- [Aim of the exercise] Starting at the line that contains "From the washing" and stopping at the line that contains "Håndlaget smykke med gråstripete steinanheng", transcribe every line of the material below exactly; pictures stay out.

- [Dataset content]
================

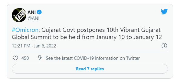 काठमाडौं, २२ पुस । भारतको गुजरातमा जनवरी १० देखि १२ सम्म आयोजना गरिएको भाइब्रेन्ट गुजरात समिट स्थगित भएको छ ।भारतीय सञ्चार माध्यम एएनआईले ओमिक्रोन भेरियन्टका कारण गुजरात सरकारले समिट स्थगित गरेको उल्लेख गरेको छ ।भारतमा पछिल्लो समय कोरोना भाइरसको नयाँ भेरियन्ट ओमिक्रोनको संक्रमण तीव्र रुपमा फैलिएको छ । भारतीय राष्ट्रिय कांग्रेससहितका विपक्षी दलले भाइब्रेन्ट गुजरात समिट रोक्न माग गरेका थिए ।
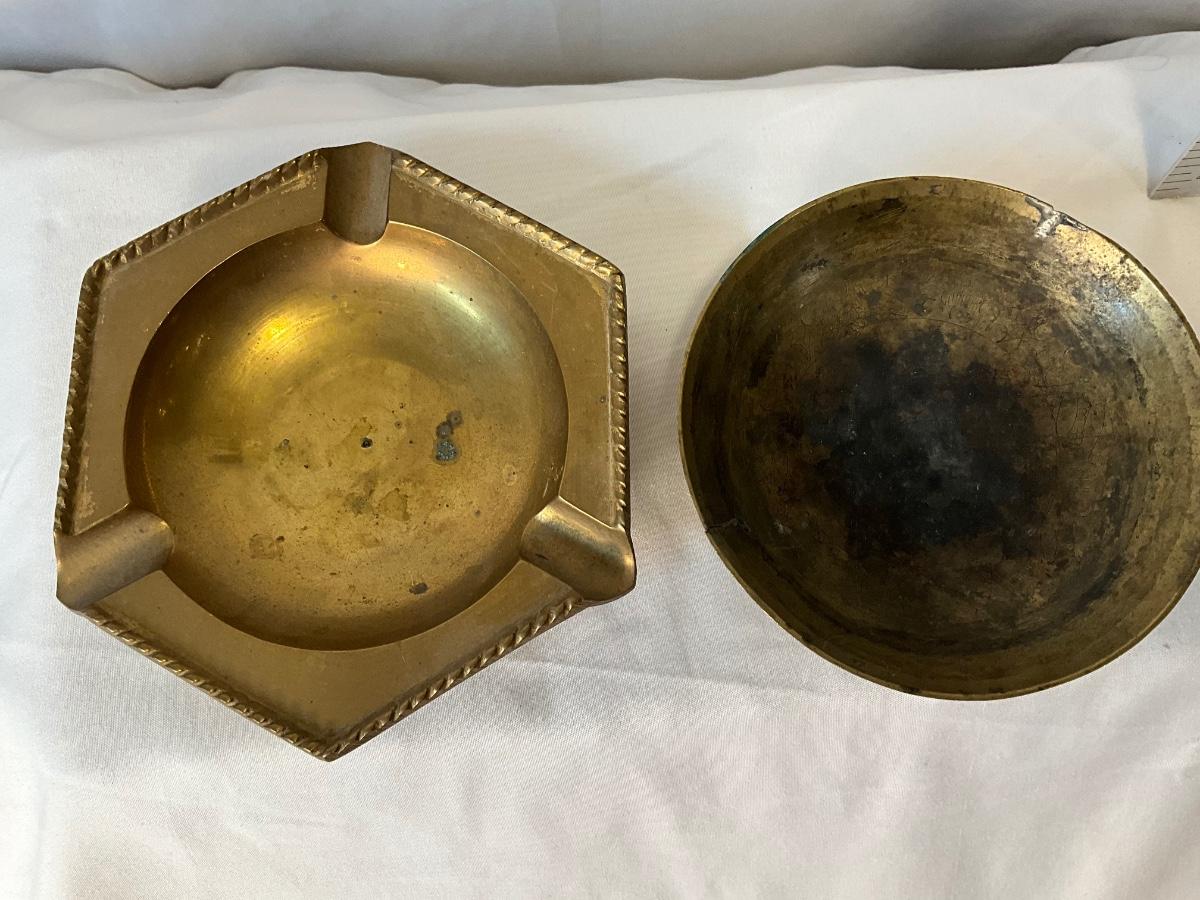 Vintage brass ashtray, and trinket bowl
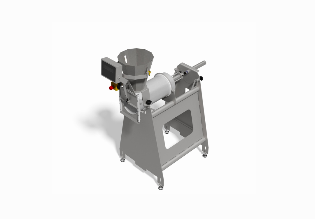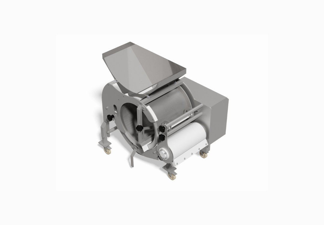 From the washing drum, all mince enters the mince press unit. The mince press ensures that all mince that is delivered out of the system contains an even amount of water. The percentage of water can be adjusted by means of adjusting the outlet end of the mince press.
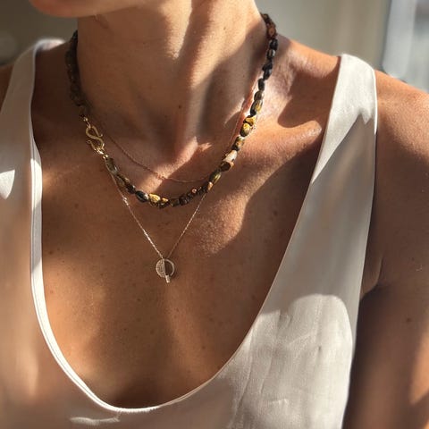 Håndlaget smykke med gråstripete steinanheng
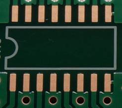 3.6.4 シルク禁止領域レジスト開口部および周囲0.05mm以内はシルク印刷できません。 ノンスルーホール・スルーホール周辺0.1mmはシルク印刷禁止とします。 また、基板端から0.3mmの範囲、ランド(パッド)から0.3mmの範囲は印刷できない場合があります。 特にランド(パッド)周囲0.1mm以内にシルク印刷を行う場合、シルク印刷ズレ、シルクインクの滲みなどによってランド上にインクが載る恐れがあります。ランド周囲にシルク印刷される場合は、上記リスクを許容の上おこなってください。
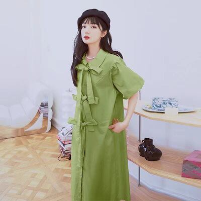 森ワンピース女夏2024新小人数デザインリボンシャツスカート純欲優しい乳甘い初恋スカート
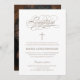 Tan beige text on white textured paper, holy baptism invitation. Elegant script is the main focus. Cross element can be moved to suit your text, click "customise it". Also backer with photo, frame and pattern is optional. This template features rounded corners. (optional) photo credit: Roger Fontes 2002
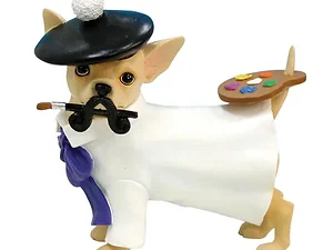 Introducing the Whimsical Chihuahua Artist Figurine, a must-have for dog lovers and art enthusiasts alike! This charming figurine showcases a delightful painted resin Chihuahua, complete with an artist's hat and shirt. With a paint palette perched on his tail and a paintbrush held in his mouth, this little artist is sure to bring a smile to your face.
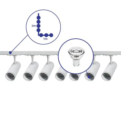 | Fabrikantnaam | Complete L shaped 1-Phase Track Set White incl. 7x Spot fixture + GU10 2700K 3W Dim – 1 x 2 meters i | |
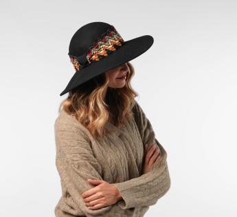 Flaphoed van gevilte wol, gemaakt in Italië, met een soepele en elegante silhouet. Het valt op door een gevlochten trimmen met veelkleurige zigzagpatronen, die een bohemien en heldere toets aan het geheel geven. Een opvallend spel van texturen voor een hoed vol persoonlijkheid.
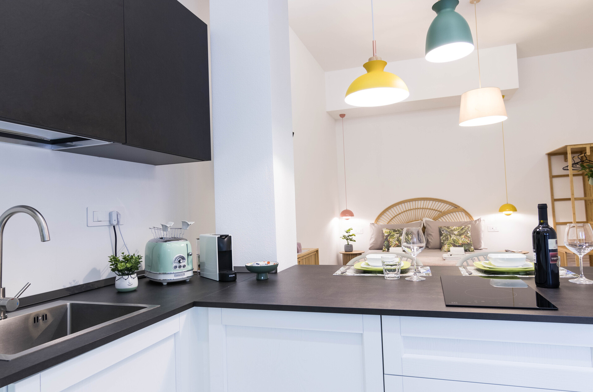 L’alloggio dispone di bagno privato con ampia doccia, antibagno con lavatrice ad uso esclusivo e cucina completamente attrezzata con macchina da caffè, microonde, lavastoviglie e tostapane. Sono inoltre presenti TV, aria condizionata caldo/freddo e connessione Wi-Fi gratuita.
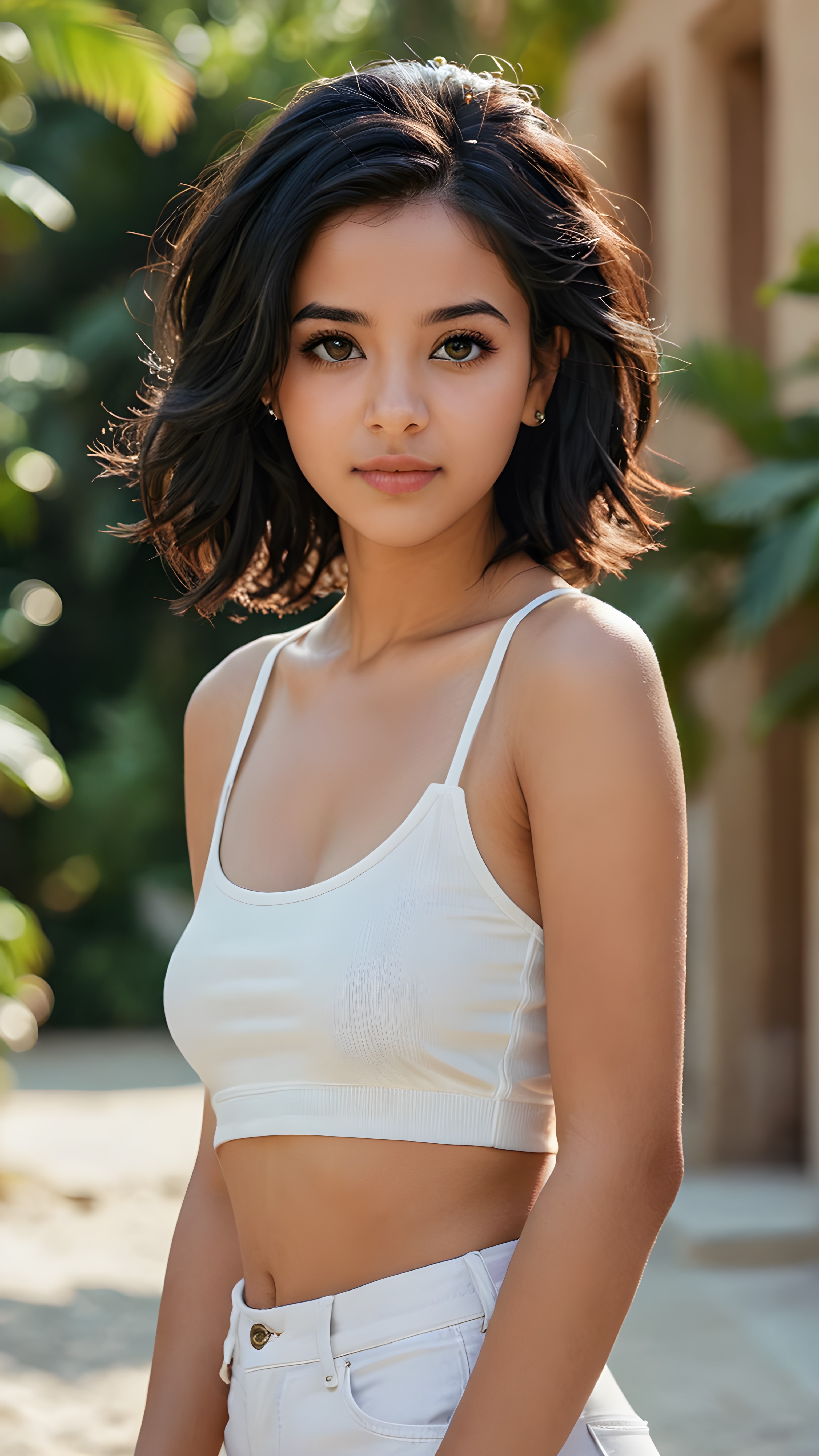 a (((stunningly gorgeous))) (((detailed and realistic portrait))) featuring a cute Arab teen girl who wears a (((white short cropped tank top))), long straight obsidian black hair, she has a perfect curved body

================

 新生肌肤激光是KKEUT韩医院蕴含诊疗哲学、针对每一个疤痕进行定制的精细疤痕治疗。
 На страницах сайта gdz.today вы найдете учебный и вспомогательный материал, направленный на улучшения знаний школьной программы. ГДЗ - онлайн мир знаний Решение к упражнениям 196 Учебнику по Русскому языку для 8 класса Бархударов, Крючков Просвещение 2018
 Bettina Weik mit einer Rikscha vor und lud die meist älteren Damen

================

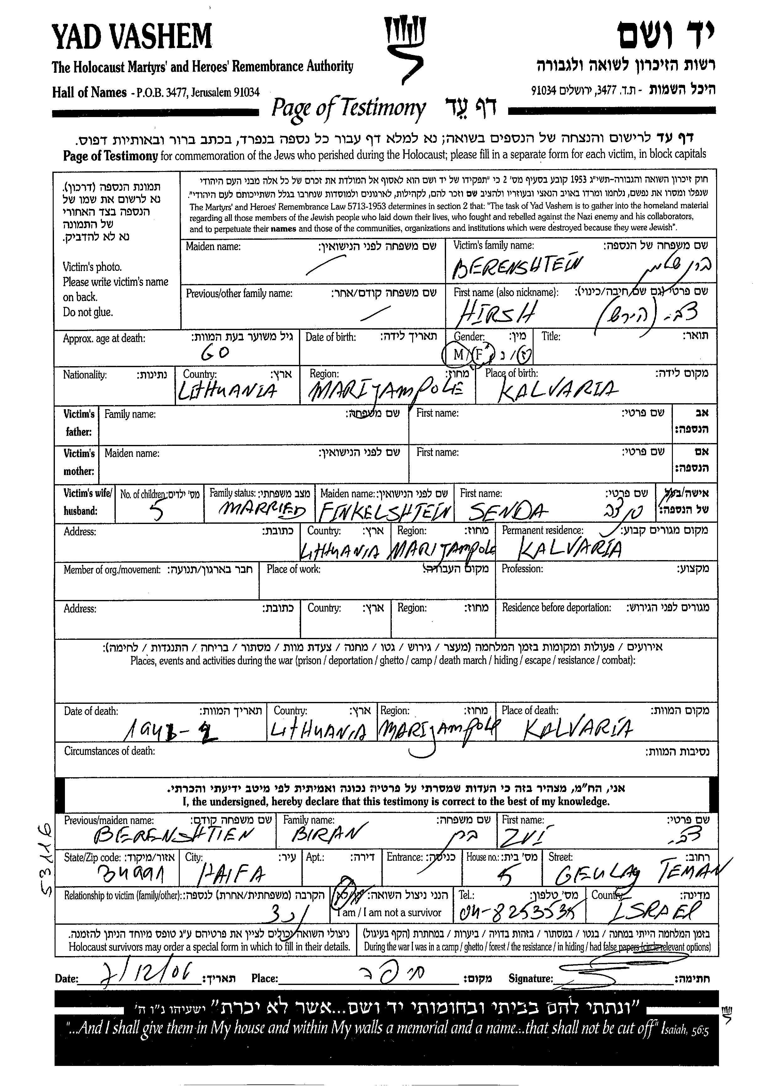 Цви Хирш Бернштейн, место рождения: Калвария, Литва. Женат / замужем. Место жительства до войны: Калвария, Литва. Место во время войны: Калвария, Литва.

================

- [Finished task]
 From the washing drum, all mince enters the mince press unit. The mince press ensures that all mince that is delivered out of the system contains an even amount of water. The percentage of water can be adjusted by means of adjusting the outlet end of the mince press.
 Håndlaget smykke med gråstripete steinanheng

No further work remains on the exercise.